COVID-19 severity scale

Phenotypic information was obtained by the EMR of the Mount Sinai Health System, which is reviewed by a screening team that includes practicing physicians. Each bio-specimen was associated, when possible—given the information in the EMR—with a COVID-19 severity measurement that corresponded to the time of collection. There are four levels of severity60: controls, moderate, severe, and severe end-organ damage, summarized in Supplementary Table 13.

Ethics statement

This study was approved by the Human Research Protection Program at the Icahn School of Medicine at Mount Sinai (STUDY-20-00341). All patients admitted to the Mount Sinai Health System were made aware of the research study by a notice included in their hospital intake packet. The notice outlined details of the specimen collection and planned research. Flyers announcing the study were also posted in the hospital, and a video was run on the in-room hospital video channel. Given the monumental hurdles of consenting sick and infectious patients in isolation rooms, the Human Research Protection Program allowed for sample collection, which occurred at the time of clinical collection and included at most an extra 5–10 cc of blood prior to obtaining research consent. Limited existing clinical data obtained from the medical record was collected and associated with the samples. As the research laboratory processing needed to begin proximal to sample collection, a portion of the data was generated prior to obtaining informed consent. During or after hospitalization, research participants and/or their legally authorized representative provided consent to the research study, including genetic profiling for research and data sharing on an individual level. In those circumstances where consent could not be obtained (13.8% of subjects, 0% of subjects who completed the post-discharge checklist), data already generated could continue to be used for analysis purposes only when not doing so would have compromised the scientific integrity of the work. The data were not identifiable to the researchers doing the analyses.

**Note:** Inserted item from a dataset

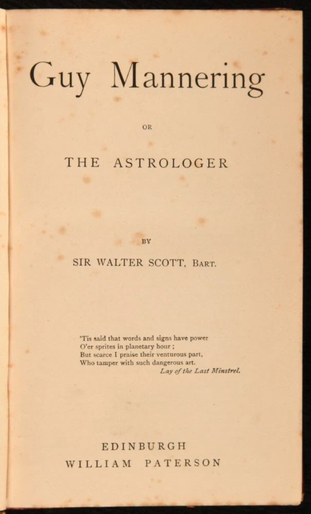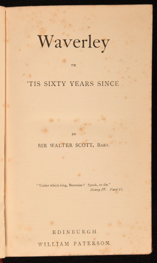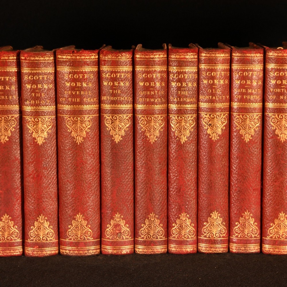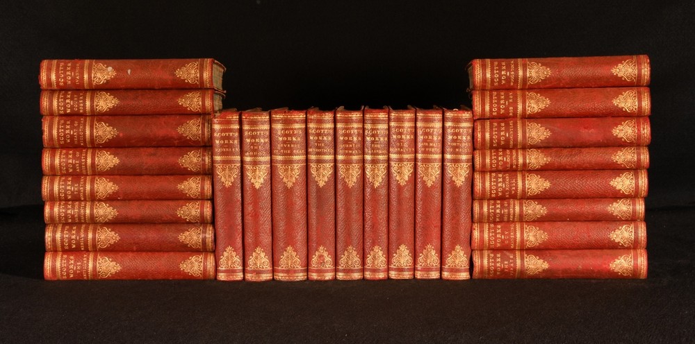 Click here to see our other books! The Waverley Novels Sir Walter Scott c1887 William Paterson : Edinburgh 6.5" by 4" SUMMARY A complete 25 volume collection of Sir Walter Scott's popular 'Waverley Novels', bound in quarter morocco. Leather Binding,Original Binding Overall Condition: Very Good This book weighs 7 KG when packed UK Postage: £ 4.49 US Postage: £ 52.99 EU Postage : £ 30.99 European Postage: £ 55.99 Asia Postage: £ 89.99 Worldwide Postage: £ 189.99 DESCRIPTION The 'Edinburgh Edition'. Bound in quarter morocco with cloth to the boards. A complete twenty-five volume set. This set features a collection of the 'Waverley novels', which are a long series of novels by Sir Walter Scott. They were the most popular and widely read novels in Europe for almost a century. The series was titled Waverley, after the first novel of the series, as Scott did not claim authorship until 1827. Prior to Scott's acknowledgement of his authorship the novels were stated as 'by the author of Waverley' to their title pages. Sir Walter Scott was a historical novelist, playwright and poet. Aside from his writings he was an advocate, judge and legal administrator. This set includes; Waverley, Woodstock, The Betrothed, Peveril of the Peak, The Abbot, Rob Roy, St Ronan's Well, The Fortunes of Nigel, The Fair Maid of Perth, The Talisman, Quentin Durward, Old Mortality, Count Robert of Paris, The Heart of Midlothian, Ivanhoe, The Pirate, Guy Mannering, The Antiquary, A Legend of Montrose with The Black Dwarf, The Bride of Lammermoor, The Monastery, Anne of Geierstein, Kenilworth, The Surgeon's Daughter with Castle Dangerous and Redgauntlet. Undated. Dating by copies held by the British Library. CONDITION Bound in quarter morocco with cloth to the boards. Externally smart with slight rubbing and bumping to the extremities, slight fading and rubbing to the spines, marks to the boards, a closed tear to the leather to the front joint to 'Waverley' and 'Ivanhoe', with the front joint tender to 'Redgauntlet'. Damp stain to the front board to 'Ivanhoe'. The odd minor spot to the endpapers. Internally firmly bound with generally bright pages with the odd spot, heavier to the front and rears and the slightest age toning. Overall Condition: Very Good GLOSSARY OF TERMS Overall Condition (Dustwrapper condition rating is shown after that for the book itself, where a dustwrapper is present) Fine - Very well preserved copy showing very little wear Very Good Indeed - Only one or two minor faults, really a very attractive copy Very Good - Quite a wide term meaning no major faults but probably several smaller ones often expected given the age of the book, but still a respectable copy Good - Meaning not very good. Some more serious faults as will be described in the condition report under 'condition' Good Only - Meaning one or more faults that could really do with repair Fair - As with good only above but with other faults leaving a compromised copy even after repair Poor - Really bad and possibly seriously incomplete. We only sell books in this condition where their rarity or value makes them attractive none the less. Major defects will be described. GUARANTEE We offer a full money back guarantee on our descriptions. Please ask for details and conditions. We prefer PAYPAL. If you pay via PAYPAL we will post the item off the same or the next working day with the postage you have selected. Please note we cannot accept USD cheques

Manipulation of IL10RB and IFNAR2 expression in NGN2 cells and their effect on SARS-CoV-2 viral load and transcriptional profiles

Overview

NGN2-glutamatergic neurons were derived from hiPSC-NPCs of donor NSB260761 as previously described62. gRNAs were designed using the CRISPR-ERA (http://crispr-era.stanford.edu) web tool and cloned into a lentiviral transfer vector using Gibson assembly18,62; shRNAs were ordered as glycerol stocks from Sigma. Wild type or dCas9 expressing NPCs were infected with rtTA and NGN2 lentiviruses, as well as desired shRNA or CRISPRa lentiviruses, and differentiated for 7 days before SARS-CoV-2 infection with a multiplicity of infection (MOI) of 0.1 or mock infection for 24 h. After the completion of the experiment, RNA was isolated, quality metrics were obtained, and 200 ng of RNA was processed through a total RNA library prep using the KAPA RNA Hyper Prep Kit + RiboErase HMR kit (Roche, cat no: 8098140702) following the manufacturer’s instructions. The resulting libraries were sequenced on the NovaSeq 6000 S4 flow cell (Illumina), obtaining 2 × 150 bp reads at 60 M reads per sample. An additional 20 ng of RNA was run on a SARS-CoV-2 targeted primer panel using AmpliSeq Library Plus and cDNA Synthesis for Illumina kits (Illumina, Cat no: 20019103 and 20022654). All samples were normalized, pooled, and run on the NovaSeq 6000 S4 in a 2 × 150 run targeting 750 K reads per sample. The STAR aligner v2.5.2a63 was used to align reads to the GRCh38 genome (canonical chromosomes only) and Gencode v25 annotation. The module featureCounts64 from the Subread package v1.4.3-p165 was used to quantify genes. RSeQC v2.6.166 and Picard v1.7767 were used to generate QC metrics. Differential expression analysis was performed with limma68 using the first two components of multidimensional scaling and RIN as covariates. Competitive gene set testing using sets from Gene Ontology69 and the COVID-19 Drug and Gene Set Library21 was performed with camera70. SARS-CoV-2 quantification was performed by taxonomically classifying short-read data with taxMaps71. The AmpliSeq approach confirmed the presence or absence of the virus in our samples. A more detailed version of this section can be found in the Supplementary Methods section.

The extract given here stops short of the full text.